Exercise materials:
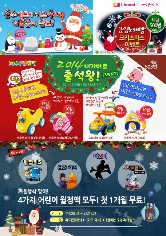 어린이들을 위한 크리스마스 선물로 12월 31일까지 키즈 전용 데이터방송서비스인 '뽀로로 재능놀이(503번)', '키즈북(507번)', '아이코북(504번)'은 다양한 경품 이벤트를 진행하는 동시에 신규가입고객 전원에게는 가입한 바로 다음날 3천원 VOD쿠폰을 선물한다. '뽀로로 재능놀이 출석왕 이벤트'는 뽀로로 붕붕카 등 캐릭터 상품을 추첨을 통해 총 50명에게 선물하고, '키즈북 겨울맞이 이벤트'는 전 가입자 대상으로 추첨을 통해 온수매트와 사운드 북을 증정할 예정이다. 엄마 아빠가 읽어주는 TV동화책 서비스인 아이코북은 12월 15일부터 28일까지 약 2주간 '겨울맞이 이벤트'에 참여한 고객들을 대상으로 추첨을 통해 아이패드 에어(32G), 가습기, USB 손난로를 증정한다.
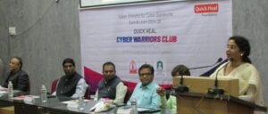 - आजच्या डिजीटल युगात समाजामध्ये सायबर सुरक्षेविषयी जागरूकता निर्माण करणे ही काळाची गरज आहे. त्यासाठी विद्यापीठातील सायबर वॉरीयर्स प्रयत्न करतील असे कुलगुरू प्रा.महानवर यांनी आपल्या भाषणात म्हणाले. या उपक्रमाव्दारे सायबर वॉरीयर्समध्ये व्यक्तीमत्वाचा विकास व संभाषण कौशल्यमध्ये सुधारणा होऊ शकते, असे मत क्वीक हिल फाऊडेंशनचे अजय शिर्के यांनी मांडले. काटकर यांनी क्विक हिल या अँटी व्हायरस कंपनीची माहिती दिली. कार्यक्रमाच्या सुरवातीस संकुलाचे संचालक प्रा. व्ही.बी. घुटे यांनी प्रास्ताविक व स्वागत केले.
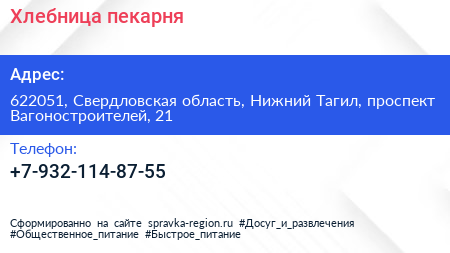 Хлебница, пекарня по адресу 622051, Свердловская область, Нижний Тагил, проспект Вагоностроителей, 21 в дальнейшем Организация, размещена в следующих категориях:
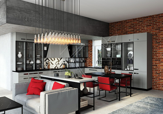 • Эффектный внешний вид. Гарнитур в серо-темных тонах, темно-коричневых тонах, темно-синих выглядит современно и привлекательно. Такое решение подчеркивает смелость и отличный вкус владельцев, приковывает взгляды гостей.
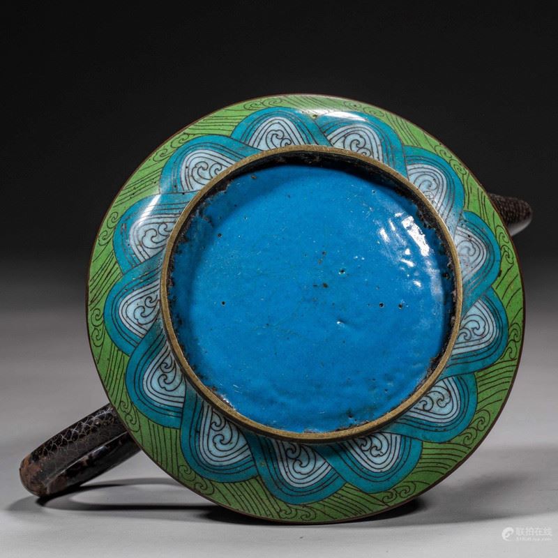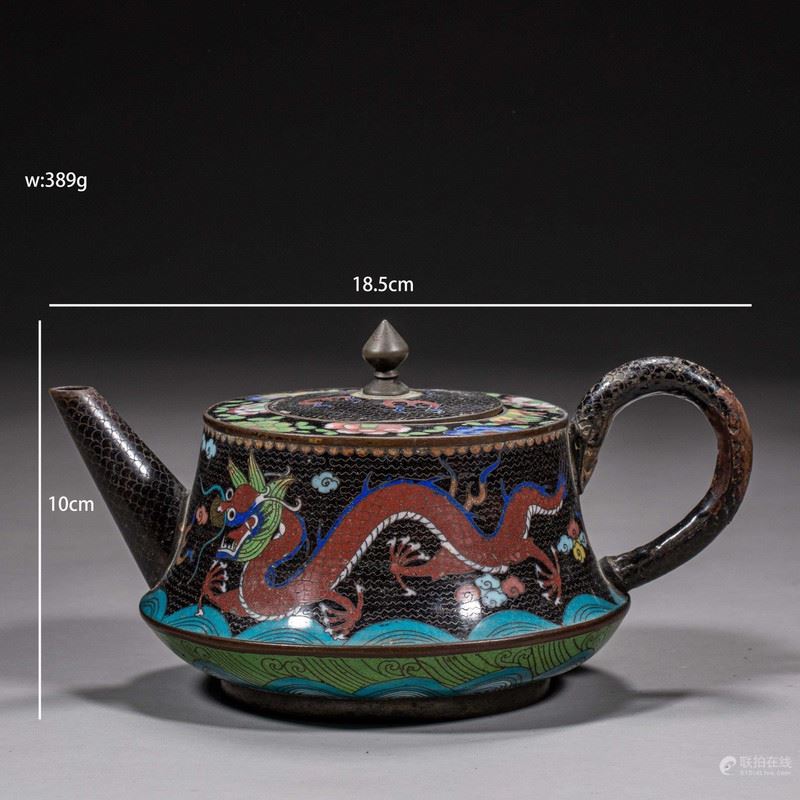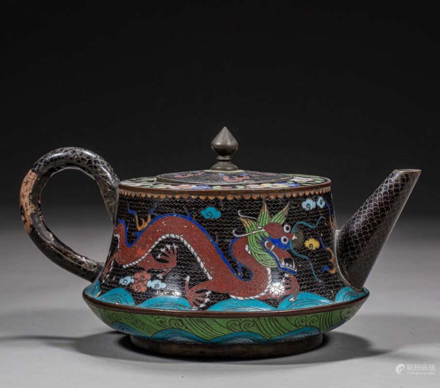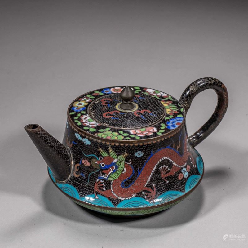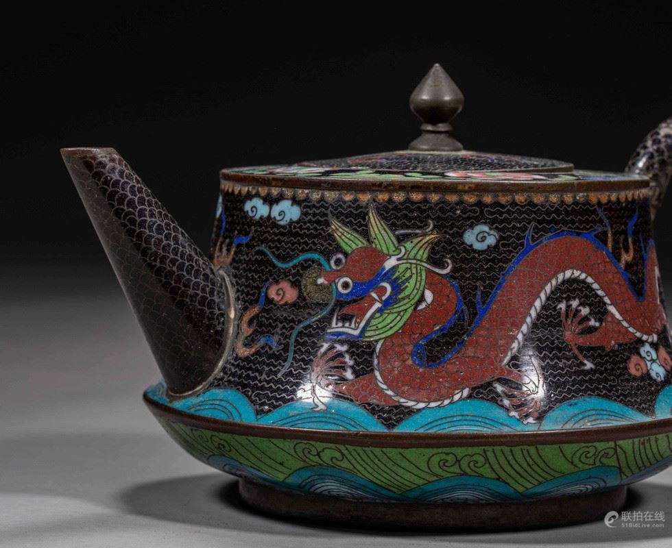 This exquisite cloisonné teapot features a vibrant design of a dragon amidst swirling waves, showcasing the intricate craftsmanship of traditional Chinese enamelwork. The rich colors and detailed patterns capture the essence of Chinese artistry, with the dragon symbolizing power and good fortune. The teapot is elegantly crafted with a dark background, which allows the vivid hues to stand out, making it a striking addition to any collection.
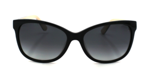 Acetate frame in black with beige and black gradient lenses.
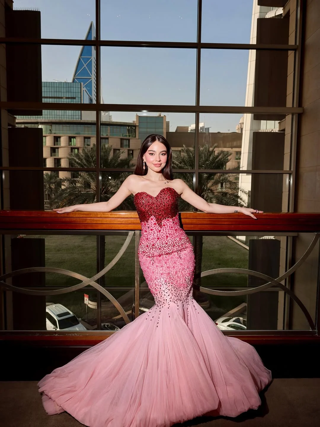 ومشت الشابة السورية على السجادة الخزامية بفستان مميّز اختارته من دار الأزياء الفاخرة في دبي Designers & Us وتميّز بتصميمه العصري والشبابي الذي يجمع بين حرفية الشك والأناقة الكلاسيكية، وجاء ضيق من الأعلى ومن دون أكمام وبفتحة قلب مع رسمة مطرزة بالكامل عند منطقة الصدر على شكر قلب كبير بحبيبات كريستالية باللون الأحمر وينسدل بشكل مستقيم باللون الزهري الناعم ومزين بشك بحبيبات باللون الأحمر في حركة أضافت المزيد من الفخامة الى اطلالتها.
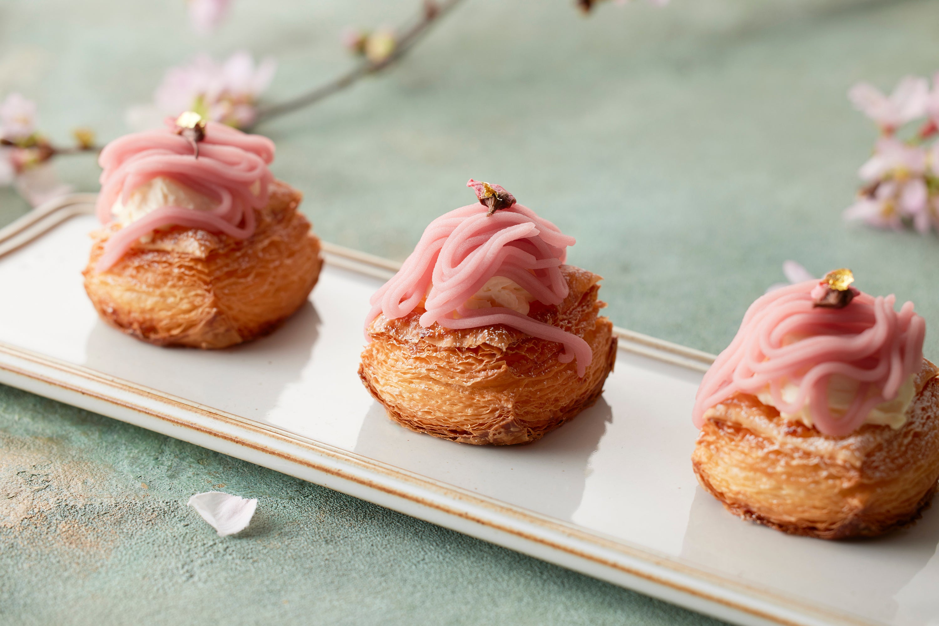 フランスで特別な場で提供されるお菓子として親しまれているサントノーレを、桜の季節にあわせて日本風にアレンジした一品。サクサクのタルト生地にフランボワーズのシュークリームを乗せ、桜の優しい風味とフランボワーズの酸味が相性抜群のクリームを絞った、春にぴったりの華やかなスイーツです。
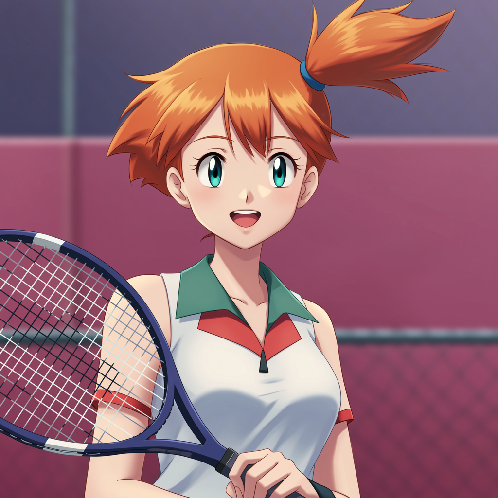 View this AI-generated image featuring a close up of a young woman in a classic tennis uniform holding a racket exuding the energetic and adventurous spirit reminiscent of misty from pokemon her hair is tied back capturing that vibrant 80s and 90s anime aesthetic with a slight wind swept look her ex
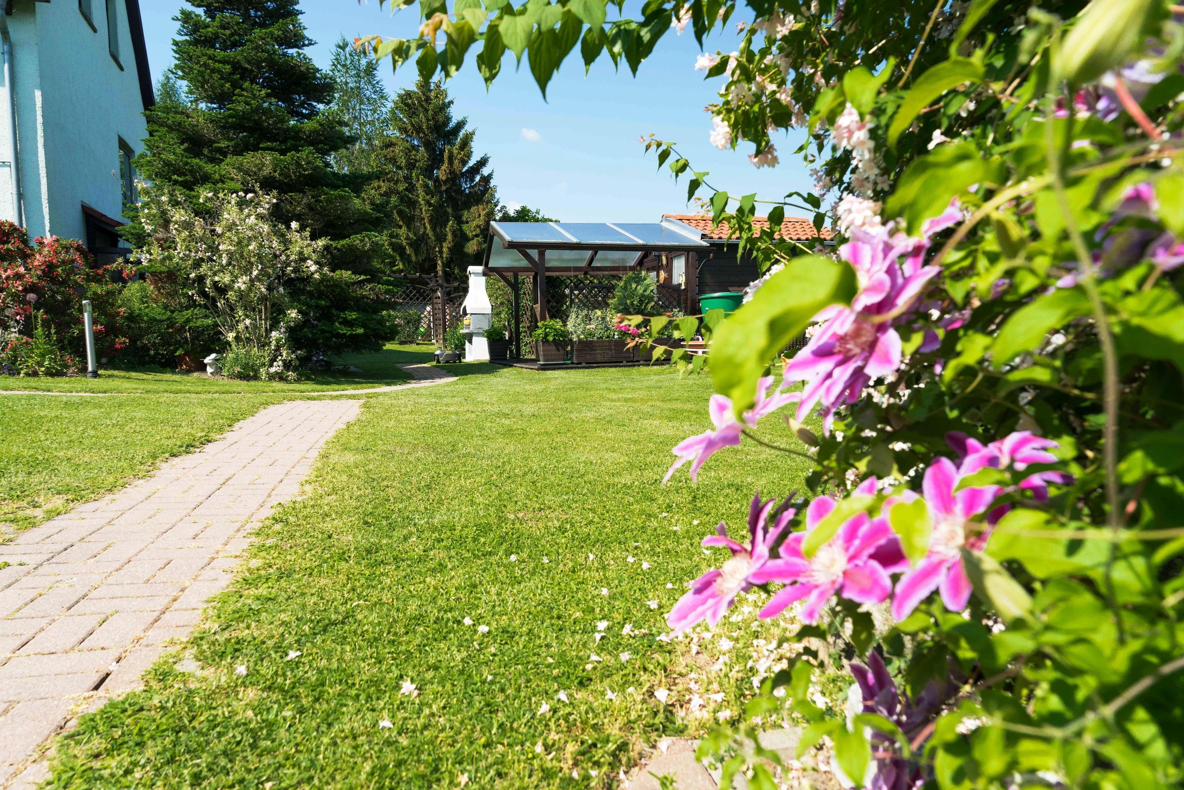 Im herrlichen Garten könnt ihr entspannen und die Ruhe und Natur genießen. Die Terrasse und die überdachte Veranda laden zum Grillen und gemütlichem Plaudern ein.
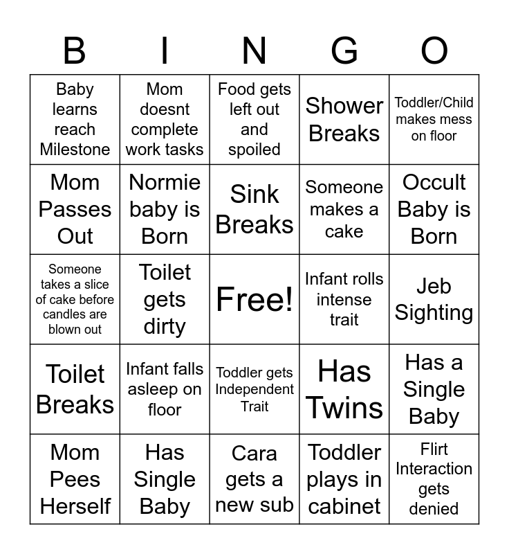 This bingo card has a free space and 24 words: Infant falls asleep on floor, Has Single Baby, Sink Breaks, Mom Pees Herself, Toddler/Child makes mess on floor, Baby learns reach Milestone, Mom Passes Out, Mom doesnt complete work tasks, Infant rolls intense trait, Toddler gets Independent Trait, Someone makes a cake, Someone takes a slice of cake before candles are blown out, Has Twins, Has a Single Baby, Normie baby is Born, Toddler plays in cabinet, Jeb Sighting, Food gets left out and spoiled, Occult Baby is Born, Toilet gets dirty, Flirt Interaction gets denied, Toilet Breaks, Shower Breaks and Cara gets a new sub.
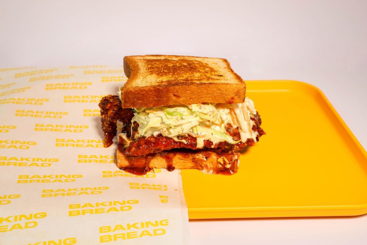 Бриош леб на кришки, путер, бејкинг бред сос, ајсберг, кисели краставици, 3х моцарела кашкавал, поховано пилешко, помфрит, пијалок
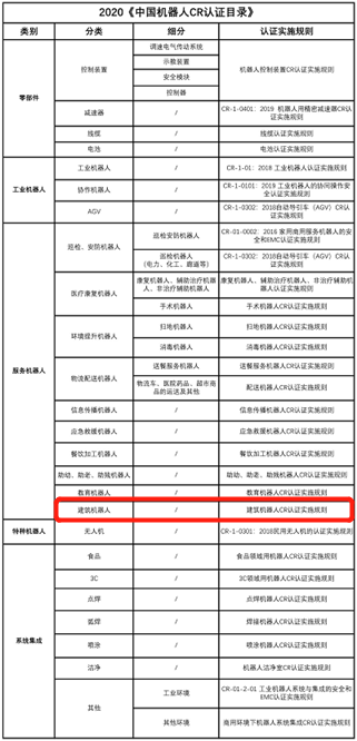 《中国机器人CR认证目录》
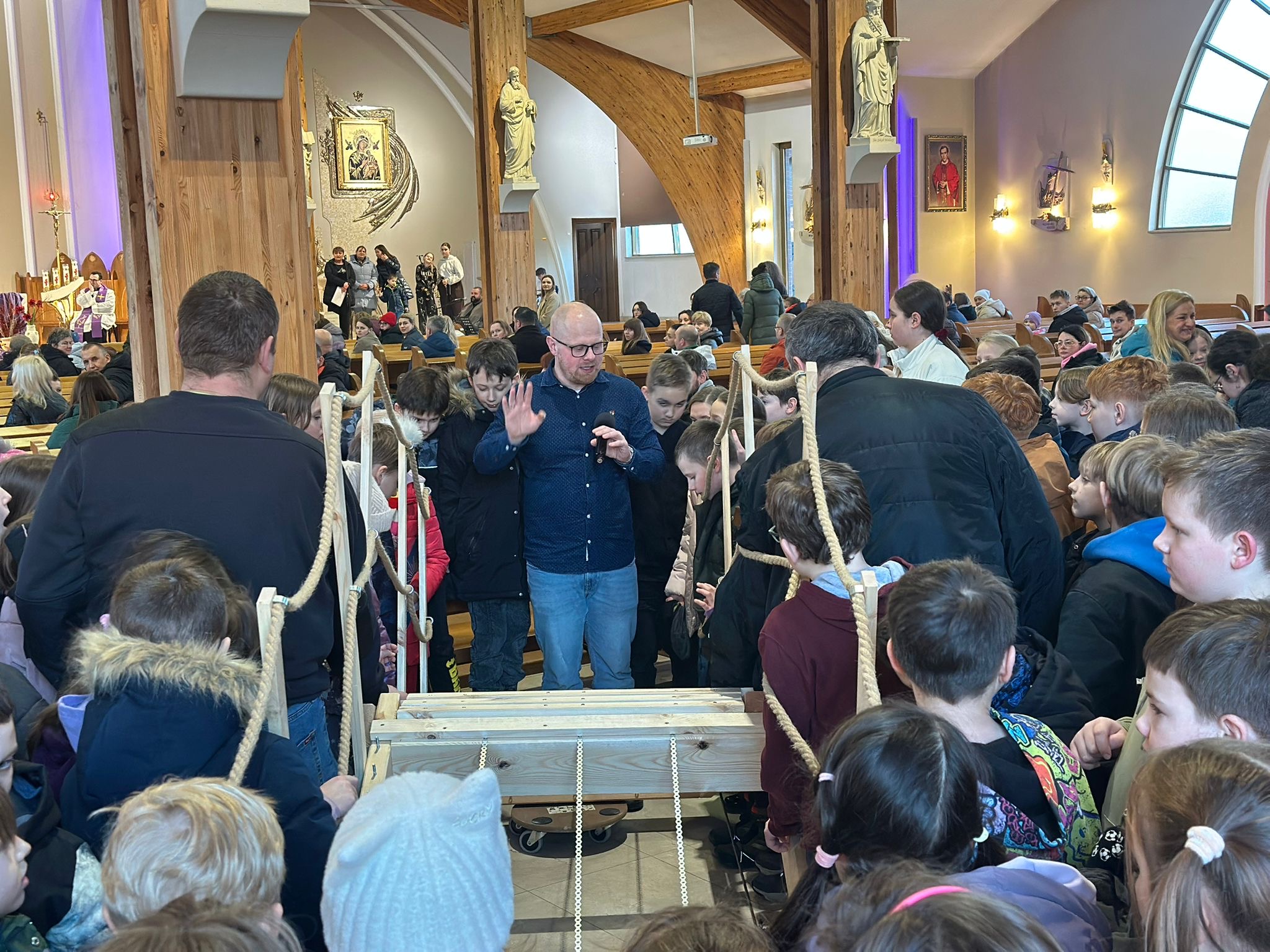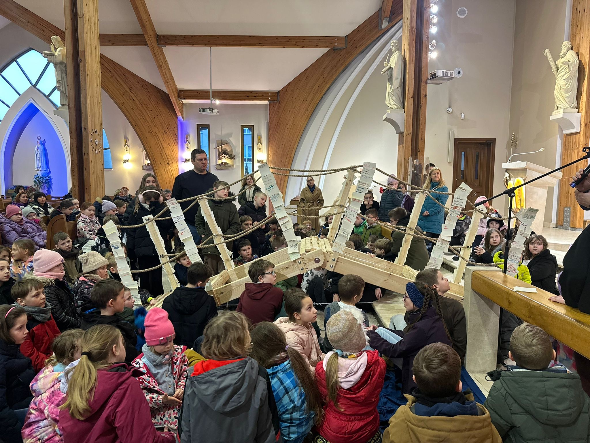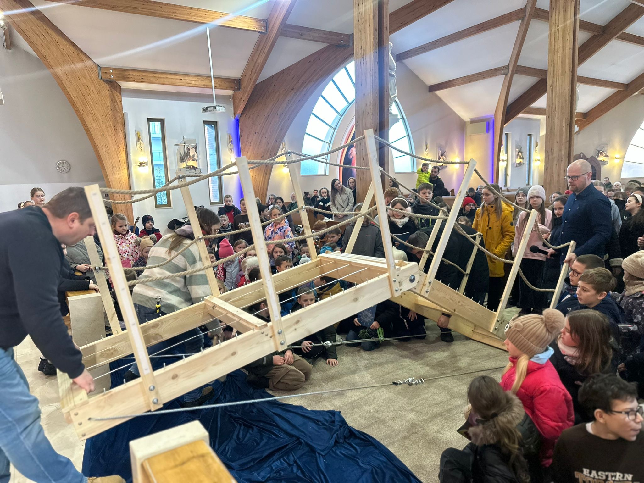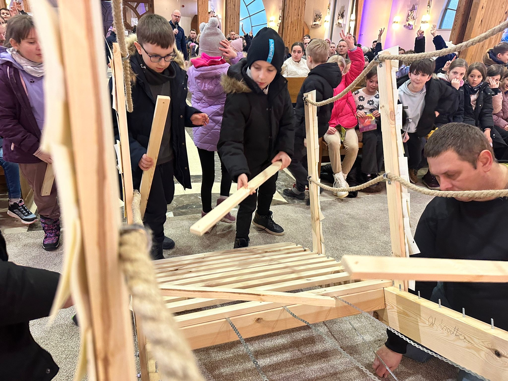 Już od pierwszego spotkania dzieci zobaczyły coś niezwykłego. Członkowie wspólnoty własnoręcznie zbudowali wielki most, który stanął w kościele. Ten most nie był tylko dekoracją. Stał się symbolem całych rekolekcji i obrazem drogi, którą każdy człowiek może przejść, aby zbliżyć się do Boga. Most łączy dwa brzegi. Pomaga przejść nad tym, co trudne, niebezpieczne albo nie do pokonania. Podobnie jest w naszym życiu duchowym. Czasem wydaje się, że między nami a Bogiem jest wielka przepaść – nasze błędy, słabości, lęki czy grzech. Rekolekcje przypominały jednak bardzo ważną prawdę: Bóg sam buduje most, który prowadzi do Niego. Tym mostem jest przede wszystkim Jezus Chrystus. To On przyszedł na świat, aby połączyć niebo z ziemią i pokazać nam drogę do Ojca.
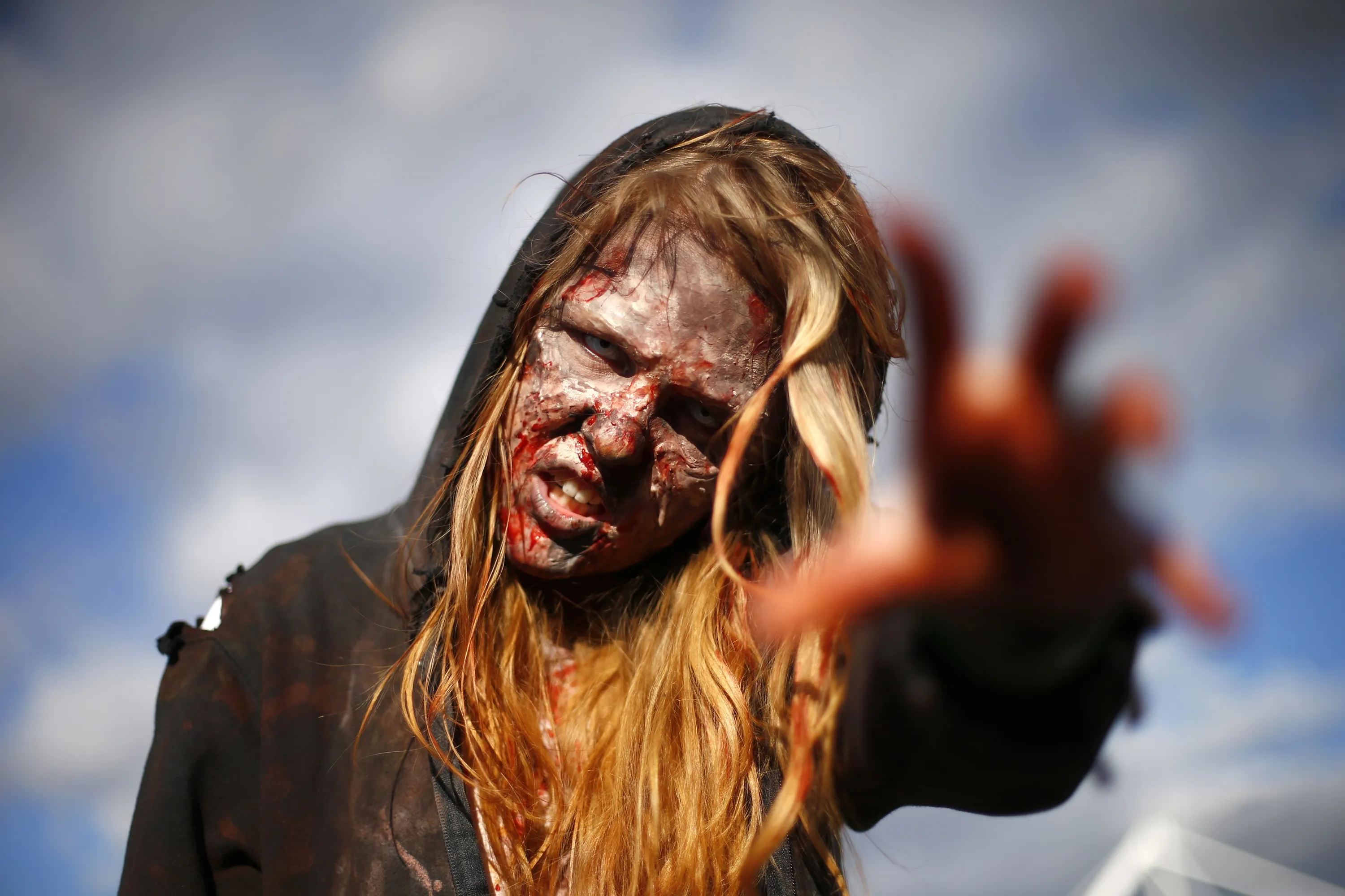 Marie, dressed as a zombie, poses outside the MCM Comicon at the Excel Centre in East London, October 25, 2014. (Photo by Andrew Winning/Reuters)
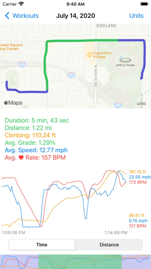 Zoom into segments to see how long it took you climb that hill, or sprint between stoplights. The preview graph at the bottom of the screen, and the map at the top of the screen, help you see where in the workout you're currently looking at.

Activity:
Here the job is to copy the stretch of records from the line containing "Хлебница, пекарня по" through the line containing "フランスで特別な場で提供され", word for word. Leave every picture out.

Finished task:
 Хлебница, пекарня по адресу 622051, Свердловская область, Нижний Тагил, проспект Вагоностроителей, 21 в дальнейшем Организация, размещена в следующих категориях:
 • Эффектный внешний вид. Гарнитур в серо-темных тонах, темно-коричневых тонах, темно-синих выглядит современно и привлекательно. Такое решение подчеркивает смелость и отличный вкус владельцев, приковывает взгляды гостей.
 This exquisite cloisonné teapot features a vibrant design of a dragon amidst swirling waves, showcasing the intricate craftsmanship of traditional Chinese enamelwork. The rich colors and detailed patterns capture the essence of Chinese artistry, with the dragon symbolizing power and good fortune. The teapot is elegantly crafted with a dark background, which allows the vivid hues to stand out, making it a striking addition to any collection.
 Acetate frame in black with beige and black gradient lenses.
 ومشت الشابة السورية على السجادة الخزامية بفستان مميّز اختارته من دار الأزياء الفاخرة في دبي Designers & Us وتميّز بتصميمه العصري والشبابي الذي يجمع بين حرفية الشك والأناقة الكلاسيكية، وجاء ضيق من الأعلى ومن دون أكمام وبفتحة قلب مع رسمة مطرزة بالكامل عند منطقة الصدر على شكر قلب كبير بحبيبات كريستالية باللون الأحمر وينسدل بشكل مستقيم باللون الزهري الناعم ومزين بشك بحبيبات باللون الأحمر في حركة أضافت المزيد من الفخامة الى اطلالتها.
 フランスで特別な場で提供されるお菓子として親しまれているサントノーレを、桜の季節にあわせて日本風にアレンジした一品。サクサクのタルト生地にフランボワーズのシュークリームを乗せ、桜の優しい風味とフランボワーズの酸味が相性抜群のクリームを絞った、春にぴったりの華やかなスイーツです。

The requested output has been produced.